Influenza Estimator — About

Creating a tool which can be used to monitor influenza-like illnesses in near-real-time using Shogun.

Let’s get started with what this project is about. It will be difficult to follow along what I am doing unless you have a clear idea about why I’m doing that.

Background

Reducing the impact of seasonal influenza epidemics and other pandemics such as the H1N1 is of paramount importance for public health authorities. Studies have shown that effective interventions can be taken to contain the epidemics if early detection can be made.

Seasonal influenza epidemics result in about three to five million cases of severe illness and about ​ 250,000 to 500,000 deaths worldwide each year. This is of utmost significance for public health agencies to reduce the effects of natural pandemics and epidemics such as the H1N1 influenza. Results have demonstrated that protective steps can be taken to suppress epidemics where there is early warning during outbreak germination.

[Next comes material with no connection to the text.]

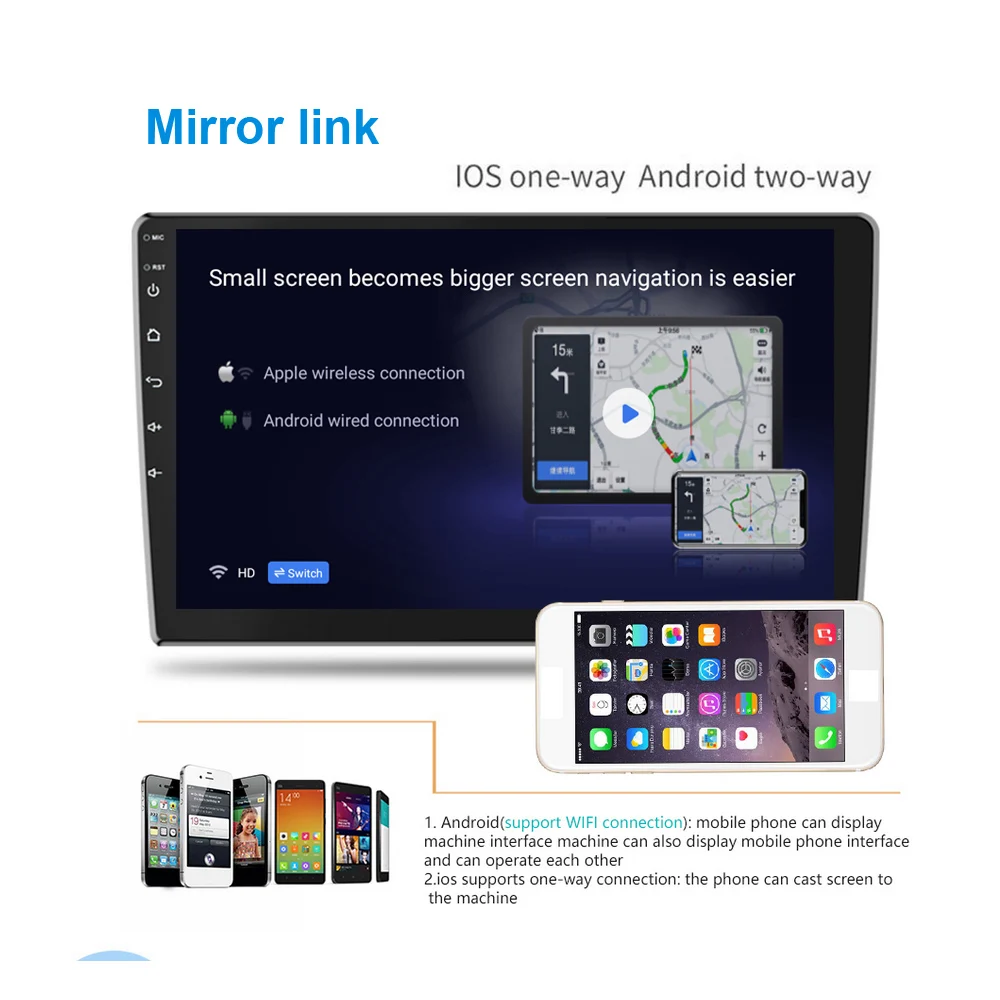 Особенности: ●HD 9 ''2.5D закаленное Стекло зеркало Авто GPS радио mp5 плеер ● Обновленная двойная система зеркальной связи: IOS/Android зеркальной связи IOS one-way:IOS поддерживает мобильный телефон с односторонней проекцией на машину Android двухсторонний: Android поддерживает мобильный телефон обратная связь, когда ● Встроенная gps-навигация: пользователи могут покупать напрямую из play store для автономной навигации. С подключением к Wi-Fi, Google Maps может использоваться идеально, вы можете пойти куда угодно и никогда не потеряться снова. ● Встроенный WIFI: подключение к WIFI, и вы найдете новый мир, самый удобный-это онлайн-карта. ● Камера заднего вида: необходимо выбрать камеру, автомобиль подключен к обратной передаче для автоматического переключения (требуется дополнительно) ● Управление рулевым колесом: через него вы можете управлять функциями, которые вам нужны, с помощью рулевого колеса, более удобно ● Встроенный Bluetooth с A2DP/Hands Free/Телефонная книга: Bluetooth hands-free Звонки, Bluetooth музыкальный плеер, Автозагрузка телефонных книг ● Запись вождения: вы можете выбрать регистратор, и автомобиль имеет воспроизведение, доказательства могут быть сохранены ● Вход с двойным usb-адаптером ● Поддержка файлового менеджера: поддержка загрузки, установки и удаления более тысячи приложений android ● Поддержка нескольких языков: поддержка языков, до 40 национальных языков ● Вы можете наслаждаться музыкой с вашего мобильного телефона без каких-либо кабелей, а также поддержка USB connetion. ●Fm/AM радио: он-лайн музыки можно передачи музыки на стерео FM, чтобы насладиться оригинальный автомобильный стерео звук, со светодиодной подсветкой из 30 предустановленных станций ● Настройка времени: вы можете использовать сеть или GPS, чтобы автоматически открыть дату и время, или вы можете настроить его вручную. Примечание: передатчик, мы продаем только FM, если вам нужны AM просьа связаться с продавцом, спасибо.

And monitoring and forecasting the occurrence and spread of flu in the community is critical.

In the EU, there are several government institutions which track incidents of influenza-like disease (ILI)​ by gathering statistics from sentinel care activities that provide virological(the study of viruses and the diseases) statistics as well as clinical details, such as physicians reporting on the number of patients observed presenting influenza-like disease, obtaining and releasing information on a weekly basis.

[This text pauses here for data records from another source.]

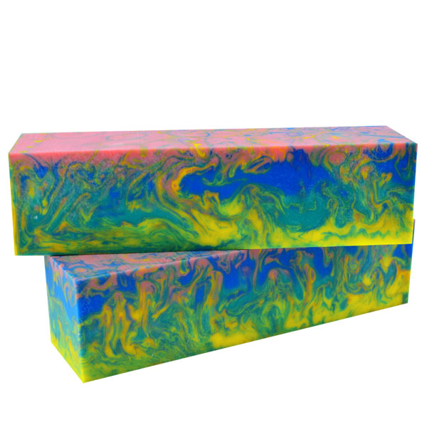 Pastel Dream is a unique color is made up of pastel yellow, blue, pink, and green swirls. These spindle blanks are 1.5" x 1.5" x 6". **1.5" x 1.5" x 12" spindles in this color are also available. If interested, please call 888-736-5487.**
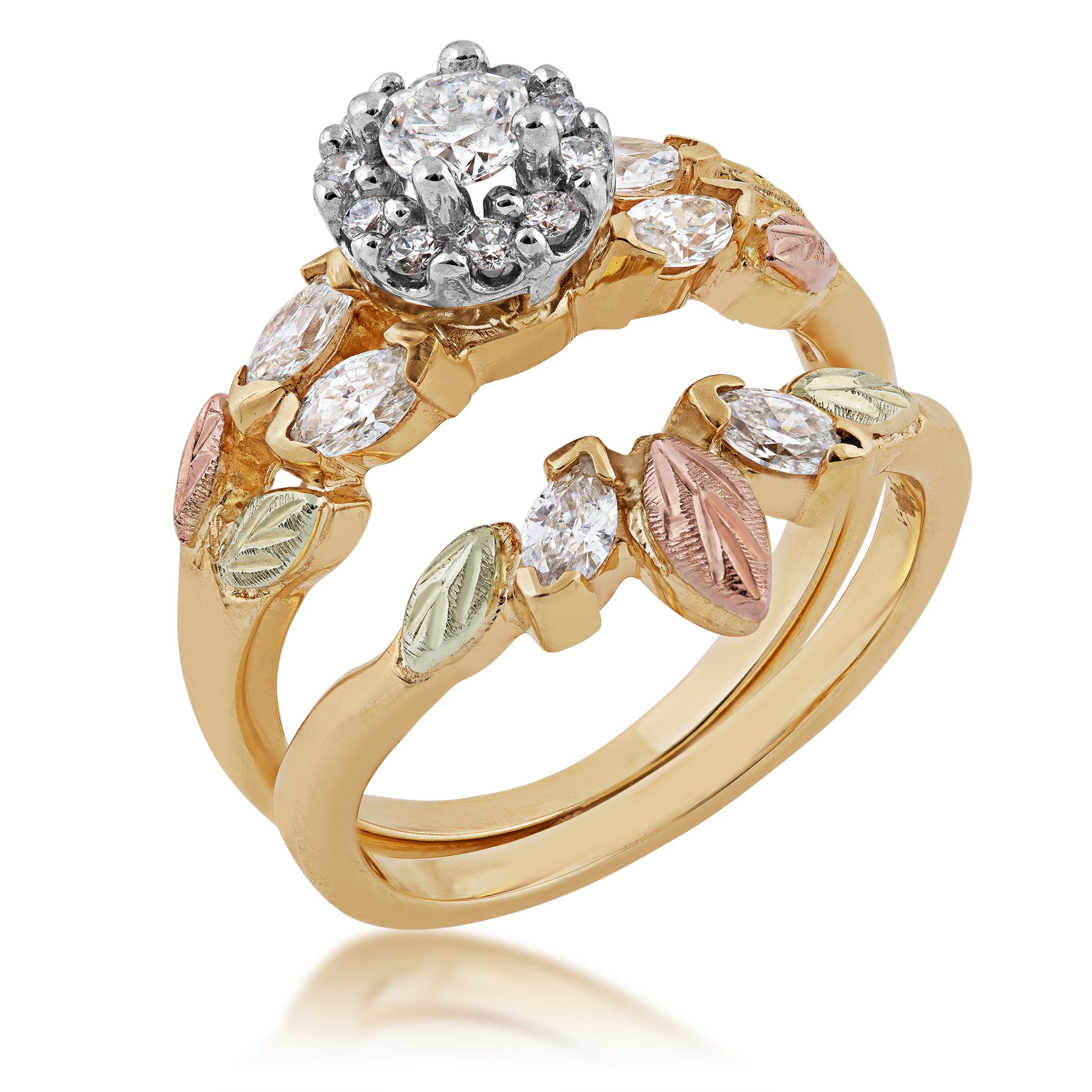 Black Hills Gold 1/5TW Diamond Wedding Ring accented with 12k pink & green leaves. Pair with G LWR942AD or G LWR943AD as a set or trio. Size 5.5
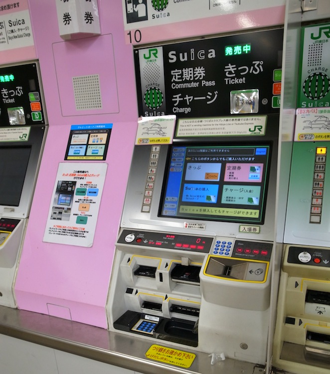 | 在 JR 車站買西瓜卡 (西瓜卡 = 東京八達通) 記住粉紅色售票機才有西瓜卡賣哦 |

To collect data the following sources were used:

• Austria: FluNet surveillance tool
• Belgium: FluNet surveillance tool
• Germany: Survstat
• Italy: InfluNet service
• Netherlands: FluNet surveillance tool
• Since assessments are produced and recorded by physicians, the procedure is almost completely manual, resulting in a period of 1 -2 weeks​ from the moment an individual becomes identified and the moment the data points are accessible in quantitative ILI statistics. It is important to provide up-to-date details about the incidence of ILI in a community in order to better administer vaccinations, staff and other healthcare services.

There have been several attempts at gathering non-traditional, digital information to be used to predict the current or future levels of ILI, and other diseases, in a population.
These include monitoring call volumes to telephone triage advice lines, over the counter drug sales, and patients visit logs to Physicians for flu shots along with several others.

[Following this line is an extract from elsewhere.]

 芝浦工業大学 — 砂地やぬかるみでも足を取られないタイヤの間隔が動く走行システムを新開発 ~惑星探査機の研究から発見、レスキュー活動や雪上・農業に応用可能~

Google Flu Trends was initially very effective in predicting ILI incidence, however, it has been seen to waver in the face of the 2009 H1N1 swine influenza pandemic (pH1N1) due to dramatically expanded media coverage across the pandemic.

It utilizes aggregated web search queries pertaining to influenza to build a comprehensive model that can estimate nationwide
as well as state-level ILI activity

About the Project

This project is majorly based on the findings of David J. McIver and John S. Brownstein. In their research paper titled Wikipedia Usage Estimates Prevalence of Influenza-Like Illness in the United States in Near Real-Time, they mention how it’s possible to use Wikipedia pageviews data to estimate the incidence of influenza related illnesses.

We introduce a novel method of estimating, in near-real time, the level of influenza-like illness (ILI) in the United States (US) by monitoring the rate of particular Wikipedia article views on a daily basis. -McIver and Brownstein

It has previously been shown that Wikipedia can be a useful tool to monitor the emergence of breaking news stories, to track what topics are ‘‘trending’’ in
the public sphere, and to develop tools for natural language processing. Furthermore, Wikipedia makes all of this information public and freely available, greatly increasing and expediting any potential research studies that aim to make use of their data.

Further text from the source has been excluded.